Are you violating 21 CFR 211.160(b) ?

1. Your firm failed to establish laboratory controls that include scientifically sound and appropriate specifications, standards, sampling plans, and test procedures designed to assure that components, drug product containers, closures, in-process materials, labeling, and drug products conform to appropriate standards of identity, strength, quality, and purity (21 CFR 211.160(b)).

Reasons for the above violation:

The firm's laboratory sampling plans and testing methods were not scientifically sound.

The firm collected non-representative samples of their water system.

Water from the water system is used in the formulation of topical over-the-counter (OTC) drug products.

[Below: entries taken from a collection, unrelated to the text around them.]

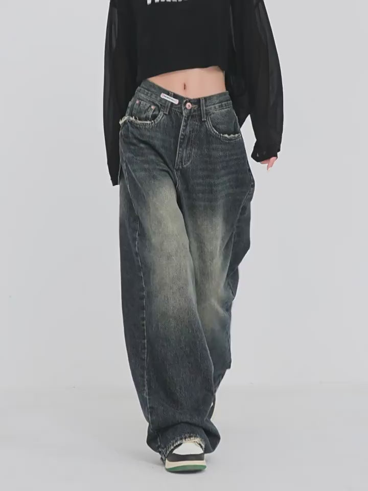 Vintage High Street Deep Blue Wide-Leg Denim Pants
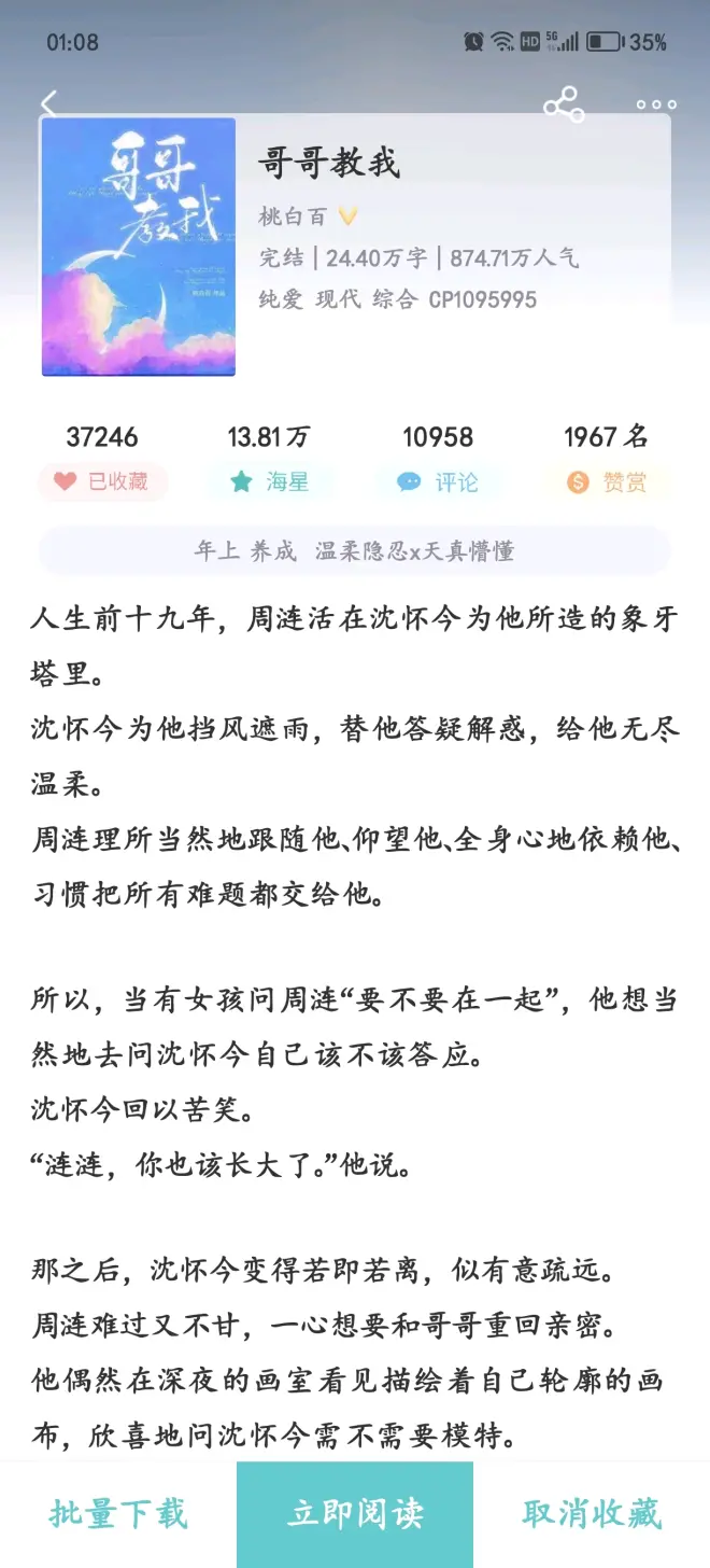 如作者所言,这篇文的重点在于“教”这个字。攻教受理清亲情与爱情,或者说带他探寻爱情的边界到底在哪。 受前期表现出来的心悸很有意思。那或是害怕,或是心动,亦二者皆有。爱从不是什么可以用逻辑理性直接阐述出的东西,它不可明说,需要用心去体会。人们很难去定义爱,但我想文中这个案例就是一种爱,是亲情更是爱情。 文偏感情流。感情线循序渐进,主人公也在其中得到了成长:受逐渐熟悉爱情真相并接纳它;攻也最终得到了他想要的爱情。完美的he。 甜度不高(指纯糖)。这篇文家长里短与现实生活遭遇的苦恼不算少,也正是一地鸡毛蒜皮让这篇文贴近生活但又不完全属于生活,他们的爱意使生活挣脱平淡,达到了生活的理想状态。没那么笨的受与没那么聪明的攻罢了。唯一缺点就是不那么戳我XP吧(doge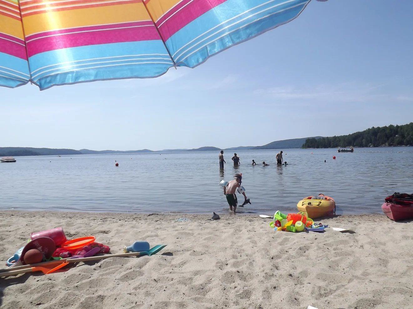 Le weekend du 14 juillet dernier, alors que le Québec était frappé par une vague intense de chaleur, nous, nous étions en pleine découverte assez rafraîchissante du Centre Touristique du Lac Simon. Imaginez! Deux kilomètres de plage sablonneuse avec une eau claire dans laquelle les enfants pouvaient plonger pour trouver de petits coquillages et s’aventurer sur plusieurs mètres sans danger de perdre pied … quel bonheur!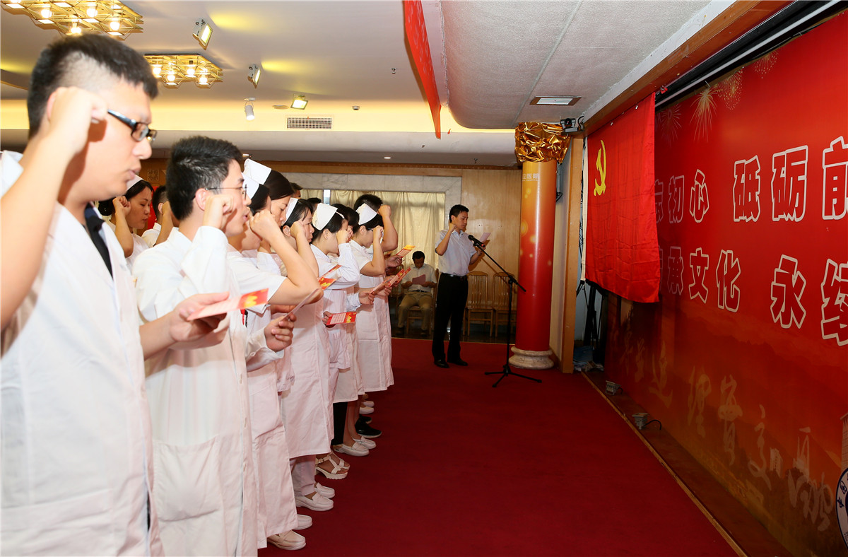 新党员代表西区机关支部魏东华作了发言。他说,工作31年以来,从一名临床医生到医院的管理岗位上,经过在工作中不断学习和磨炼,他总结出一个道理,那就是人活着要有信仰,加入中国共产党成为一名党员就是他的信仰。随后,大会在《国际歌》庄严雄浑的旋律中告一段落。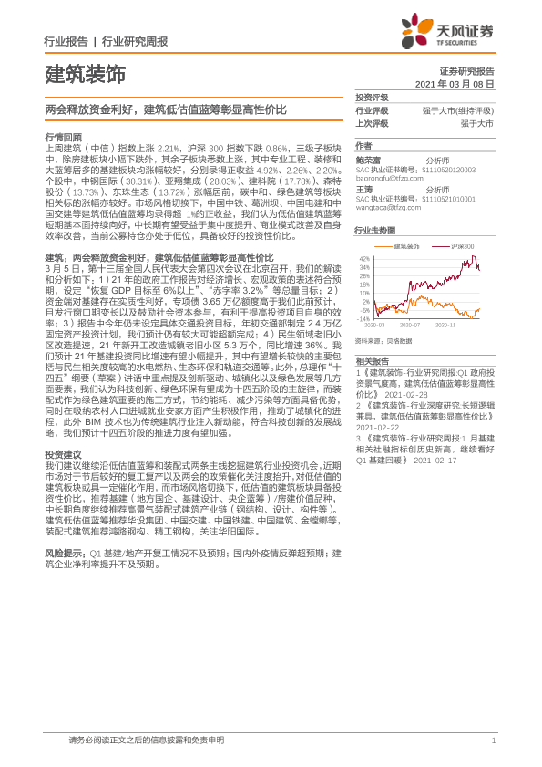 【天风证券】【20210308】建筑装饰行业研究周报:两会释放资金利好,建筑低估值蓝筹彰显高性价比-8页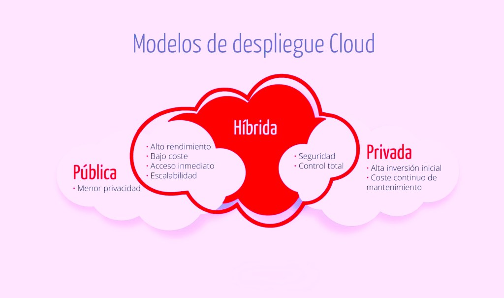 Como ya explicamos, puedes elegir entre nube pública, privada, híbrida o comunitaria. La elección dependerá del nivel de control, seguridad y presupuesto que tengas.

The water system monitoring procedure provided during the inspection did not discuss the number, location, or frequency of samples to collect.

The firm told the investigator that they typically take a sample from the water system from a single location near the XYZ component.

The sampling frequency and locations, which did not include sampling from any point of use, were not appropriate to provide substantive data to promptly detect system variability.

Furthermore, microbiological testing used for water analysis was deficient.

They have not shown the test methods were adequate for determining the quality of the water in view of its intended use in the drug products.

Furthermore, they lacked appropriate limits, routine testing, or validated methods for detecting the presence of B. cepacia in the water system.

Their microbiological testing is insufficient to assure that their water system is suitable for its intended use.

Additionally, FDA analysis of samples collected from the farm's water system recovered too-numerous-to-count results for multiple total microbial count tests.